The same is true to a lesser extent in MySQL / MariaDB. It does better since it doesn’t do oldest-to-newest tuple chains, but it’s still adding non-trivial work to the DB, much of which is effectively wasted if you don’t care about the visibility of the deleted (or soon-to-be deleted) tuples to other transactions.
I sincerely hope that Planetscale’s efforts succeed long-term to shift devs’ understanding and acceptance of RDBMS operations. Their blog posts and docs are generally quite good. IME, devs (and even ops-ish teams) simply do not care about all of this, and will create elaborate bespoke tooling to run DELETEs in bulk, because they either don’t understand the capabilities of the database, or don’t want to deal with the [minor] increased complexity that a partitioned schema brings, and will happily pay the extra cost / latency for deletions.

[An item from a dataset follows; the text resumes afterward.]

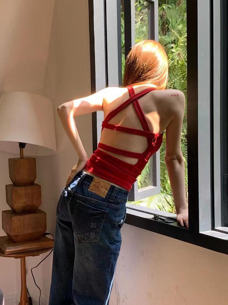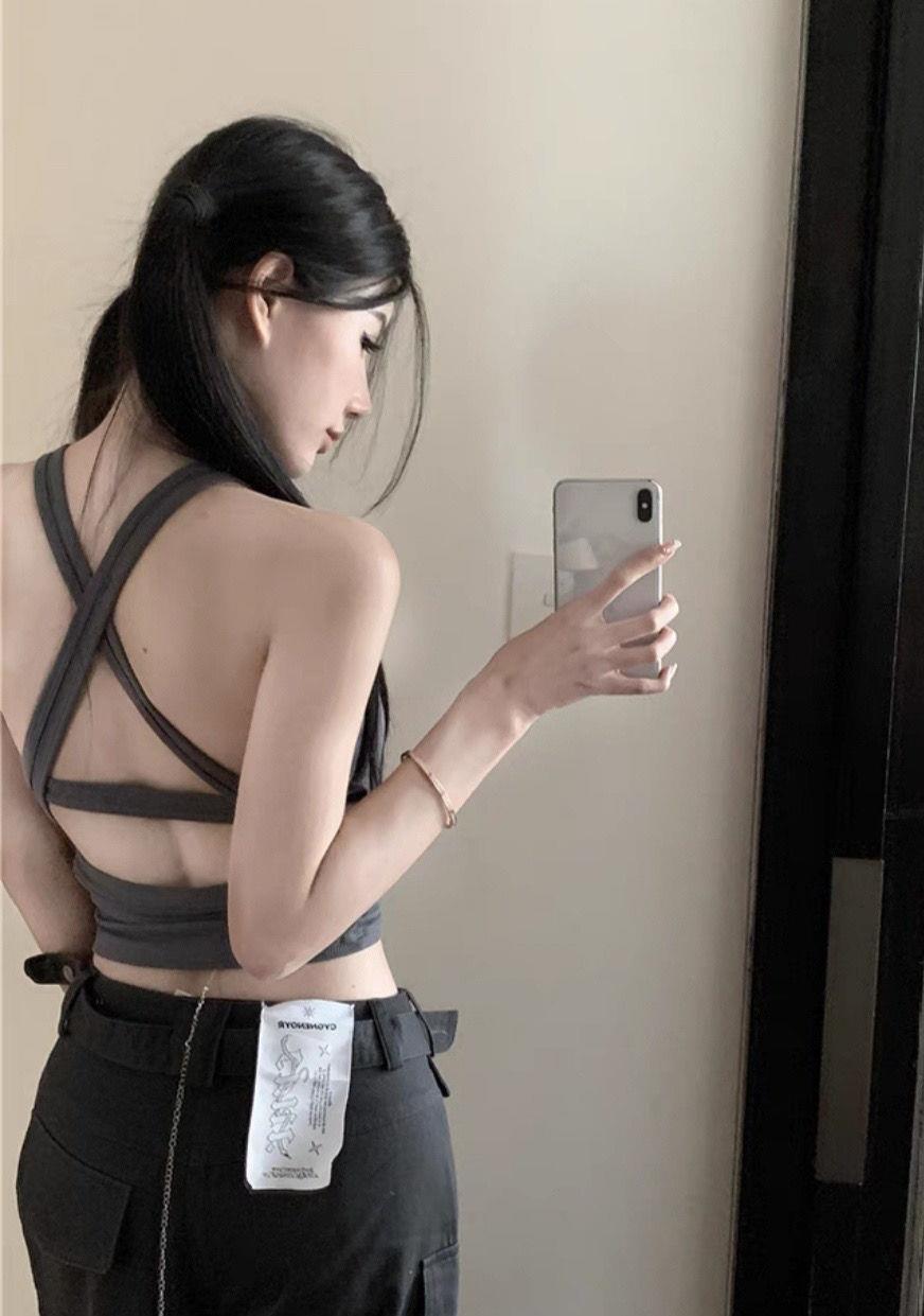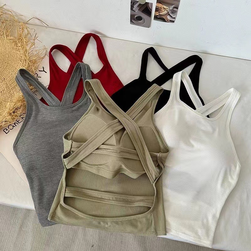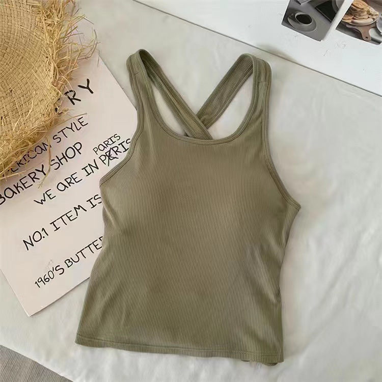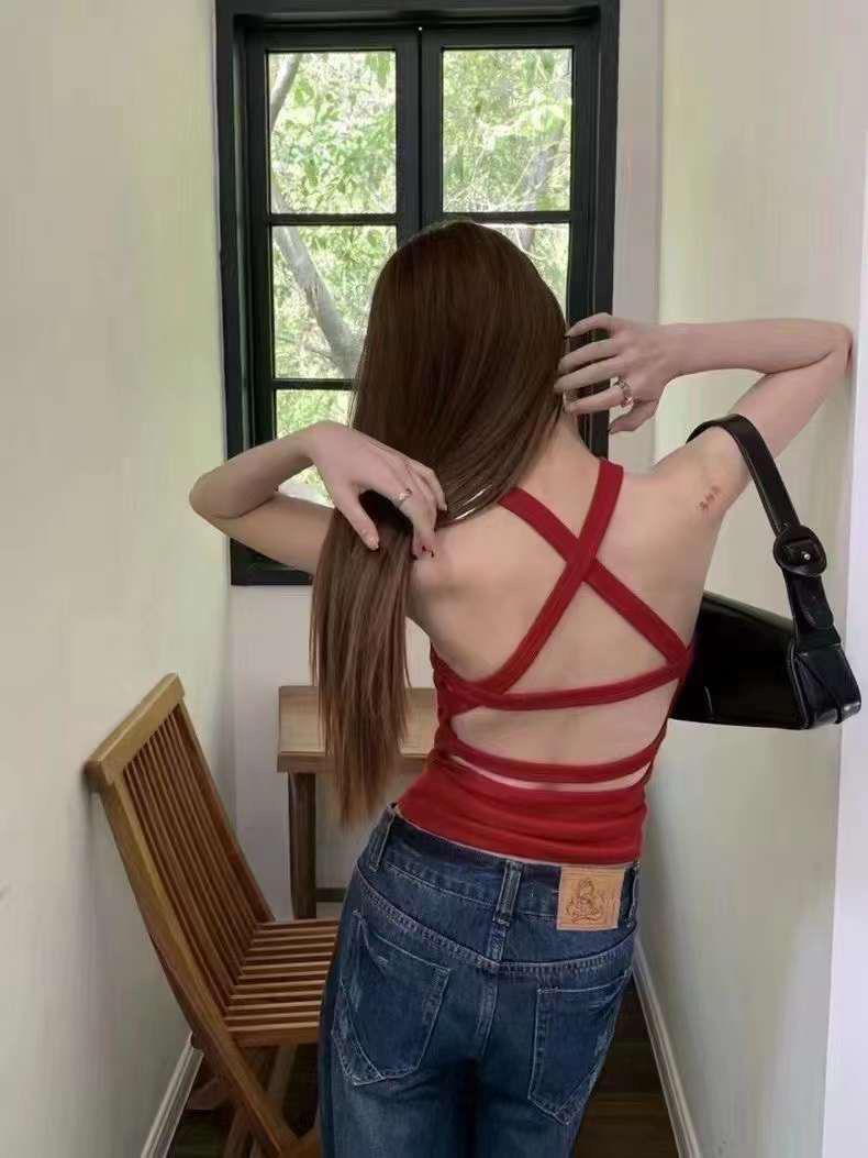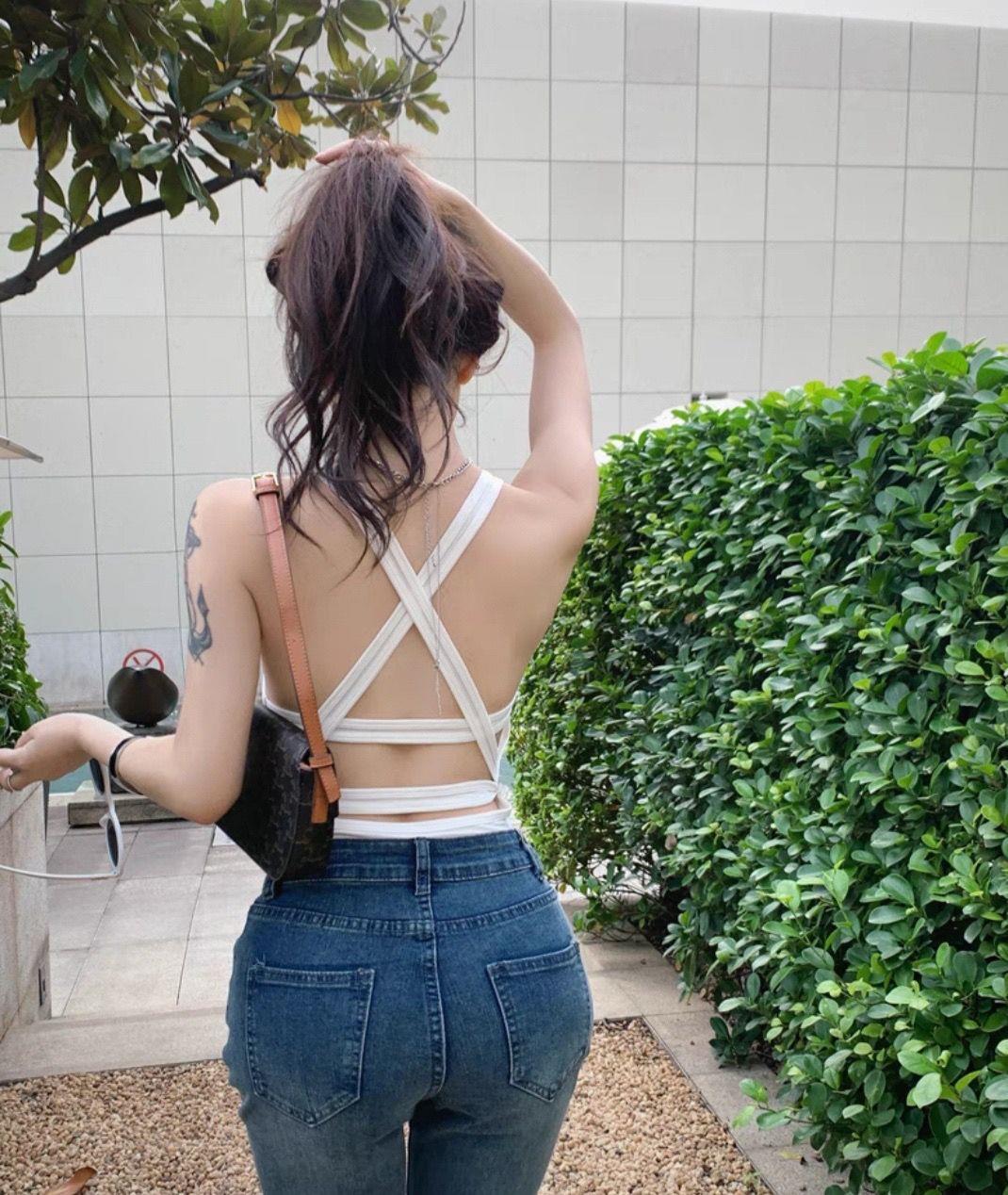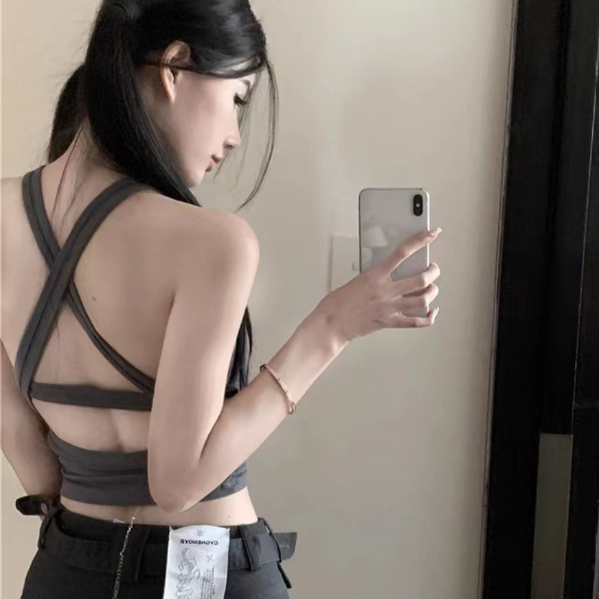 가슴 패드가 있는 홀터넥 캐미솔 여성 여름 디자인 감각 있는 니치 스타일 이너웨어 숏탑 외출복스토어 가기

Surprisingly to remove small numbers of rows in multiple tables (e.g. cleanup between automated tests), DELETE is often faster than TRUNCATE! It's counterintuitive but just measure it for yourself and see. Note you can DELETE from multiple tables in one statement using CTEs, and that way you don't need to think about foreign key dependency order.
Only by a weird definition of "scalable". The first sentence says:
> Counterintuitively, large DELETEs add work to the database.
There is nothing counterintuitive about this. It takes just as much work to delete a row as it takes to insert a row. Why wouldn't it? Obviously you have to do almost all the same operations: write a log, write the deletion, update indices, replicate it, etc.
And yes, it's a well-known trick for all major relational databases (not just Postgres) that if you want to delete 90% of rows from a large a table, it's much faster to just copy the rows you want to keep to a new table, run DROP TABLE on the old table, and rename the new table to the old table. Since DROP TABLE is ~instantaneous, mainly involving table-level metadata.
DELETE scales just fine, in the sense that if you are constantly inserting and deleting individual rows, DELETE scales the same as INSERT.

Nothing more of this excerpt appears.